En France, mieux vaut détourner des millions que voler une moto

dimanche 19 février 2012.
 

Jusqu’où ira la tempête judicaire qui frappe la majorité ? Le fait qu’Éric Woerth ait sans doute bientôt à répondre aux questions de la justice montre qu’un ministre est encore un justiciable comme un autre, ce qui est rassurant. Mais cette affaire hors norme cache une forêt de délits financiers mal traités, qui passent entre les mailles du filet ou finissent aux oubliettes. Deux poids, deux mesures  : la balance judiciaire penche clairement du côté des puissants. La lutte contre la délinquance financière est en régression et, pour les délinquants en col blanc, le bras de la justice est relativement indulgent. À l’autre bout du spectre, il y a les petits délinquants. Eux, par contre, ont droit à la « tolérance zéro », pierre angulaire du populisme judiciaire du gouvernement.

Avec la loi Perben 2, la justice a été rapprochée du pouvoir. Ceux des magistrats du parquet ont été accrus et leur soumission hiérarchique renforcée. La chancellerie peut ainsi contrôler l’avancée des enquêtes et l’action publique dans les dossiers les plus sensibles. Les magistrats du siège, qui jouissent de garanties d’indépendance, ont, eux, vu leurs prérogatives diminuer. Dans les dernières années, le nombre d’affaires traitées est en diminution constante. Ainsi, les informations judiciaires ouvertes au pôle financier du tribunal de Paris pour des délits financiers complexes a dégringolé de 101 en 2006 à 21 en 2008.

Pour Clarisse Taron, vice-procureure de Nancy et présidente du Syndicat de la magistrature, le constat est sans appel, et « de plus en plus prégnant » : « faute de moyens, faute d’intérêt, les affaires politico-financières ne sortent plus ». Pourtant, à l’autre bout de la chaîne, « la petite délinquance est jugée avec frénésie », toujours plus vite, avec toujours plus de répression, à flux tendus. En cause : la volonté officielle « d’envoyer un message fort aux délinquants », le développement accéléré dans les années quatre-vingt-dix des comparutions immédiates et la multiplication de « réponses pénales immédiates ». « Les tribunaux sont précisément évalués sur ce taux de réponse pénale, et même les petits tribunaux veulent se mettre à faire de la justice rapide », détaille le sociologue Christian Mouhanna (1).
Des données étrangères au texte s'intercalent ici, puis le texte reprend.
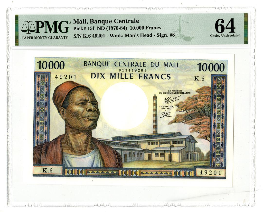 Mali, ND(1970-84). 10,000 Francs, P-15f, Issued Banknote, M/c printing with man at left and building at right, S/N K.6 49201, PMG graded Choice Uncirculated 64 with comment "annotations."
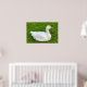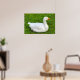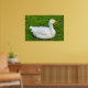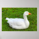 Photo d'une Oie d'Emden blanche assise sur l'herbe.
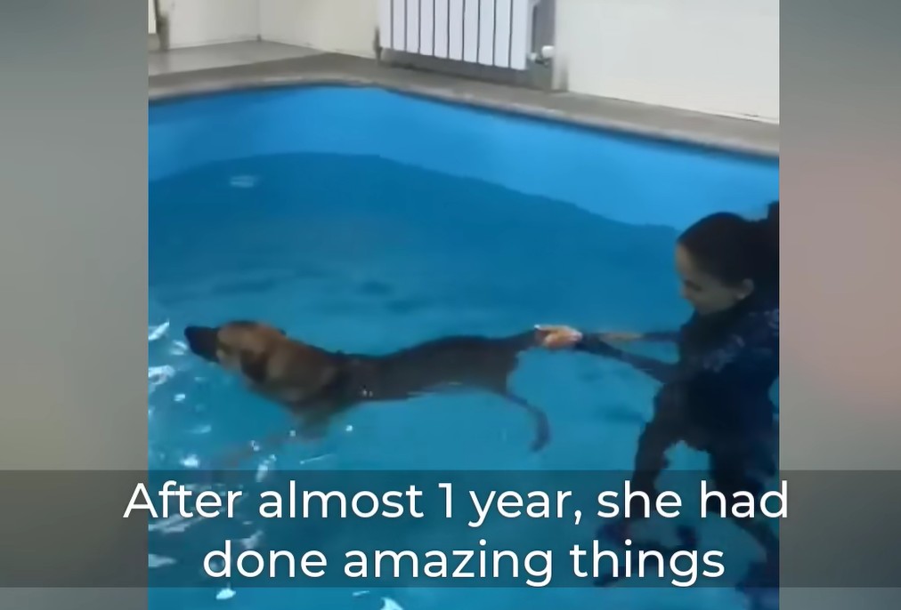• Utilizing specialized aquatic exercises to gently rebuild the dormant muscles in her severely atrophied hind legs.
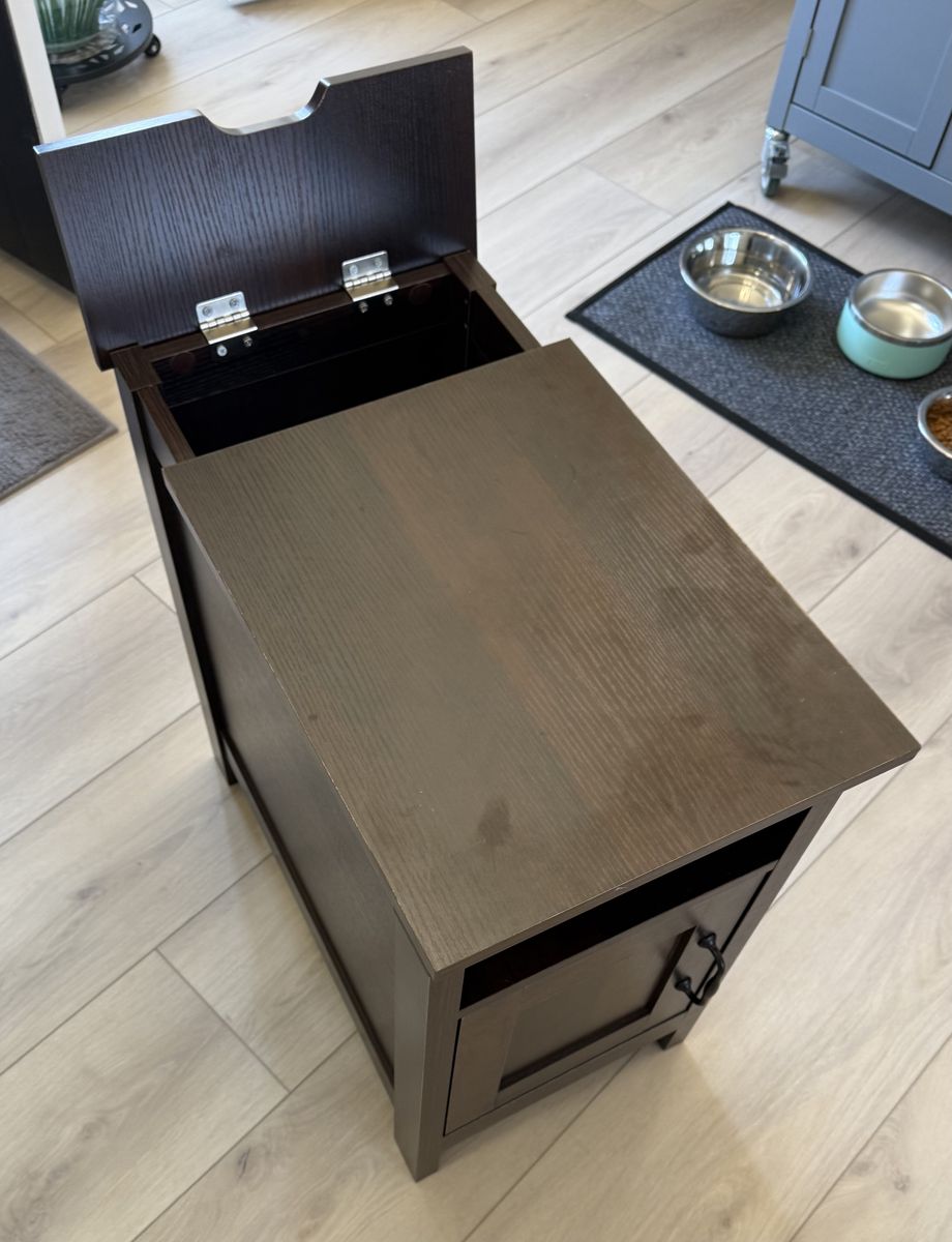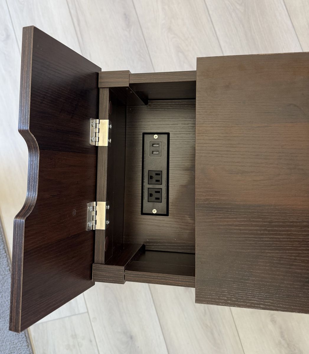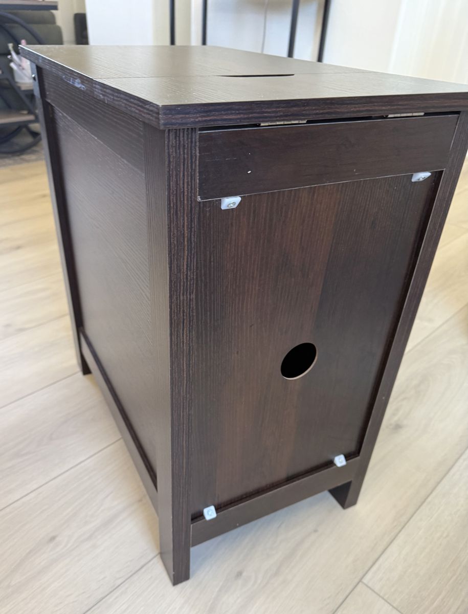 VenmoThis is a great end table that includes built in plugs and charging station. Hidden opening for cord management. Measures 13.5” W x 23.5” D x 23.75” H. Prefer text (801) 471-6585.

Le phénomène a été aggravé par le développement dans les années quatre-vingt-dix des unités de traitement en temps réel dans les tribunaux. En clair : des services où les parquetiers sont en permanence au téléphone, avec 60 à 80 appels par jour et par substitut, et quelques minutes pour trancher de l’orientation des dossiers communiqués par les officiers de police, vers des audiences en comparution immédiate ou d’autres juridictions. « Dans ce système, reprend le sociologue, c’est la police qui a le dessus. La façon dont elle présente l’affaire conditionne la décision du parquet. En huit minutes, le substitut n’a pas le temps de faire de contre-enquête. Et, à délit égal, quelqu’un qui est envoyé en comparution immédiate a plus de chance d’aller en prison. »

Parallèlement, « en réponse aux affaires qui ont émaillé les années quatre-vingts, le pouvoir a coupé le robinet des moyens en matière économique et financière, poursuit Clarisse Taron. Car la meilleure façon d’enterrer une affaire, c’est qu’il n’y ait pas d’enquête. On a effectué des coupes claires dans tous les services qui font de l’éco-fi. À Metz, les dernières affaires que j’ai envoyées sont revenues, dix-huit mois après, à mes successeurs : elles n’avaient pas été ouvertes. » De fait, « on économise des postes dans les services régionaux de police qui traitent de délinquance financière judiciaire (SRPJ) et de nombreux effectifs ont été reversés dans les groupes d’intervention régionale (GIR) », détaille Christian Mouhanna. Jusqu’à il y a dix-huit mois, les SRPJ de Metz et de Nancy avaient chacun leur service spécialisé. Ils ont été regroupés et ont perdu dix fonctionnaires.

(1) Une justice dans l’urgence, le traitement en temps réel des affaires pénales, PUF, octobre 2007, avec Benoit Bastard.